"""

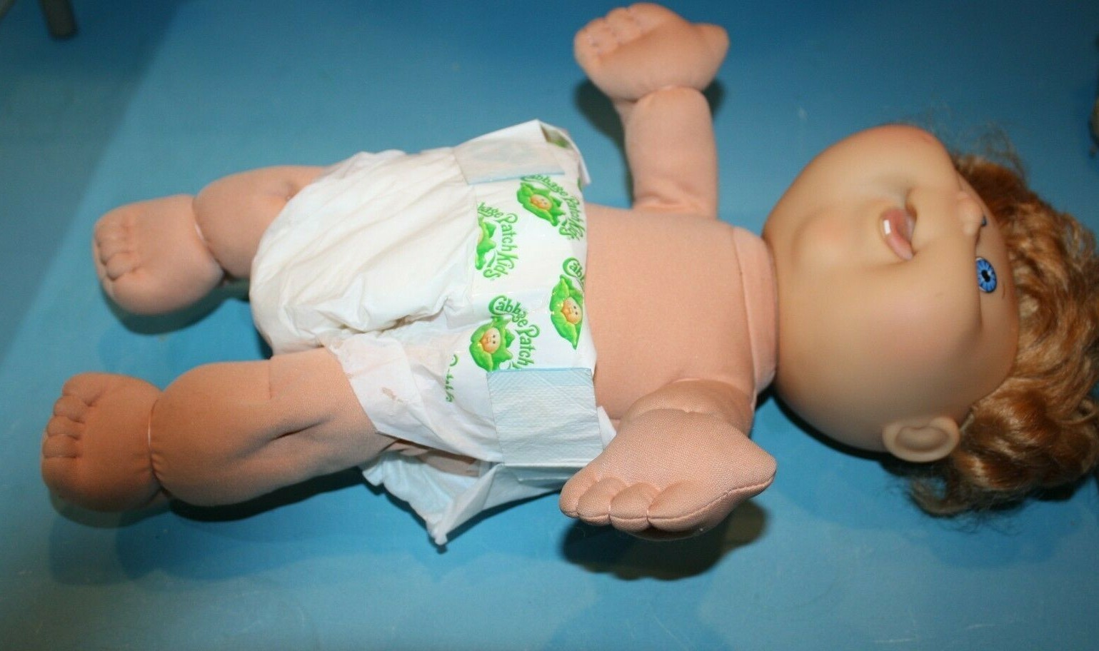Cabbage Patch Doll Baby Giggles Teeth Blonde Hair Curls Blue Eyes CPK Diaper
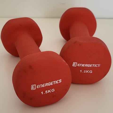 Energetics håndvægtsæt bestående af en håndvægtstang med lukkemøtrik og flere runde vægtskiver. Sættet leveres i en hård plastkuffert med bærehåndtag, som gør det nemt at opbevare og transportere. Vægtskiverne er af metal og kan kombineres efter behov for at justere belastningen til forskellige styrketræningsøvelser til overkrop og arme.
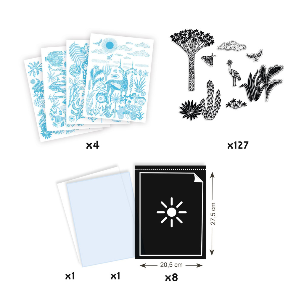 Kreatívna sada Noc na savane: Kyanotypová (fotocitlivá) sada od značky Djeco prináša deťom magický zážitok z maľovania svetlom. Tento projekt je založený na fotografickej technike kyanotypii, pri ktorej deti vytvárajú originálne modré obrazy tým, že umiestnia nepriehľadné vzory na fotocitlivý papier a vystavia ho slnečnému svetlu. Po krátkom vystavení slnku sa na papieri objaví negatív, ktorý sa následne zafixuje spláchnutím v čistenej vode – výsledkom sú obrázky s nádherným modrým pozadím, ktoré pripomínajú nočnú savanu.S touto výtvarnou sadou si deti môžu pripraviť:4 umelecké obrazy inšpirované nočnou savanou, každý obrázok vzniká fotografickou technikou kyanotypie, ktorá reaguje na slnečné svetlo.Táto kreatívna aktivita je skvelým spôsobom, ako spoznať mechanizmus fungovania svetla a tieňa, pochopiť starú fotografickú techniku hravou formou a vyrobiť jedinečné umelecké diela, ktoré si deti môžu vystaviť alebo darovať.Obsah balenia- 4 laserom vyrezané rámy, 8 listov fotocitlivého papiera (21 × 28 cm), 127 vzorov tlačených na acetáte, 1 plexisklová doska, ilustrovaný návod krok za krokom. Čo si deti pri tvorení rozvíjajú- kreativitu a umelecké cítenie pri tvorbe originálnych obrazov, pochopenie svetla a tieňa, čo je základ kreatívnej fotografie, trpezlivosť a sústredenie pri práci s postupom krok za krokom, logické a priestorové myslenie pri umiestňovaní vzorov, zmysel pre estetiku a farebné vnímanie pri hotových dielach. Prečo si vybrať túto kreatívnu sadu od Djeco- deti sa učia prostredníctvom zážitku, žiadne komplikované chemikálie – všetko funguje pomocou slnečného svetla a vody, výsledné obrazy sú originálne a jedinečné pre každé dieťa, vhodné pre deti od 7 rokov a staršie aj dospelých, ktorí chcú tvoriť spolu s deťmi, kvalitný materiál s ekologickým FSC® papierom
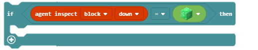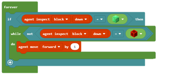 Když tuto funkci spojíte se smyčkou forever, získáme robůtka, který se neustále pohybuje kupředu. To vám ale zdaleka nestačí. Vy potřebujeme, aby Agent věděl kde začít a kde skončit svůj běh. Na to použijete funkci Agent inspect down = a určíte si blok, který chcete identifikovat. Pro vás třeba bude blok ruditu (redstone block) místo, kde zastaví a blok smaragdu (emerald blok) místo, kde začne. Za pomocí funkce if, pak můžeme vytvořit podmínku znějící: „pokud agent detekuje <určitý blok> pod sebou, vykonej <akci>”.

"""

The copy must match every line of the data exactly and contain no pictures.

• **RESPONSE TO THE EXERCISE**:
Cabbage Patch Doll Baby Giggles Teeth Blonde Hair Curls Blue Eyes CPK Diaper
 Energetics håndvægtsæt bestående af en håndvægtstang med lukkemøtrik og flere runde vægtskiver. Sættet leveres i en hård plastkuffert med bærehåndtag, som gør det nemt at opbevare og transportere. Vægtskiverne er af metal og kan kombineres efter behov for at justere belastningen til forskellige styrketræningsøvelser til overkrop og arme.
 Kreatívna sada Noc na savane: Kyanotypová (fotocitlivá) sada od značky Djeco prináša deťom magický zážitok z maľovania svetlom. Tento projekt je založený na fotografickej technike kyanotypii, pri ktorej deti vytvárajú originálne modré obrazy tým, že umiestnia nepriehľadné vzory na fotocitlivý papier a vystavia ho slnečnému svetlu. Po krátkom vystavení slnku sa na papieri objaví negatív, ktorý sa následne zafixuje spláchnutím v čistenej vode – výsledkom sú obrázky s nádherným modrým pozadím, ktoré pripomínajú nočnú savanu.S touto výtvarnou sadou si deti môžu pripraviť:4 umelecké obrazy inšpirované nočnou savanou, každý obrázok vzniká fotografickou technikou kyanotypie, ktorá reaguje na slnečné svetlo.Táto kreatívna aktivita je skvelým spôsobom, ako spoznať mechanizmus fungovania svetla a tieňa, pochopiť starú fotografickú techniku hravou formou a vyrobiť jedinečné umelecké diela, ktoré si deti môžu vystaviť alebo darovať.Obsah balenia- 4 laserom vyrezané rámy, 8 listov fotocitlivého papiera (21 × 28 cm), 127 vzorov tlačených na acetáte, 1 plexisklová doska, ilustrovaný návod krok za krokom. Čo si deti pri tvorení rozvíjajú- kreativitu a umelecké cítenie pri tvorbe originálnych obrazov, pochopenie svetla a tieňa, čo je základ kreatívnej fotografie, trpezlivosť a sústredenie pri práci s postupom krok za krokom, logické a priestorové myslenie pri umiestňovaní vzorov, zmysel pre estetiku a farebné vnímanie pri hotových dielach. Prečo si vybrať túto kreatívnu sadu od Djeco- deti sa učia prostredníctvom zážitku, žiadne komplikované chemikálie – všetko funguje pomocou slnečného svetla a vody, výsledné obrazy sú originálne a jedinečné pre každé dieťa, vhodné pre deti od 7 rokov a staršie aj dospelých, ktorí chcú tvoriť spolu s deťmi, kvalitný materiál s ekologickým FSC® papierom
 Když tuto funkci spojíte se smyčkou forever, získáme robůtka, který se neustále pohybuje kupředu. To vám ale zdaleka nestačí. Vy potřebujeme, aby Agent věděl kde začít a kde skončit svůj běh. Na to použijete funkci Agent inspect down = a určíte si blok, který chcete identifikovat. Pro vás třeba bude blok ruditu (redstone block) místo, kde zastaví a blok smaragdu (emerald blok) místo, kde začne. Za pomocí funkce if, pak můžeme vytvořit podmínku znějící: „pokud agent detekuje <určitý blok> pod sebou, vykonej <akci>”.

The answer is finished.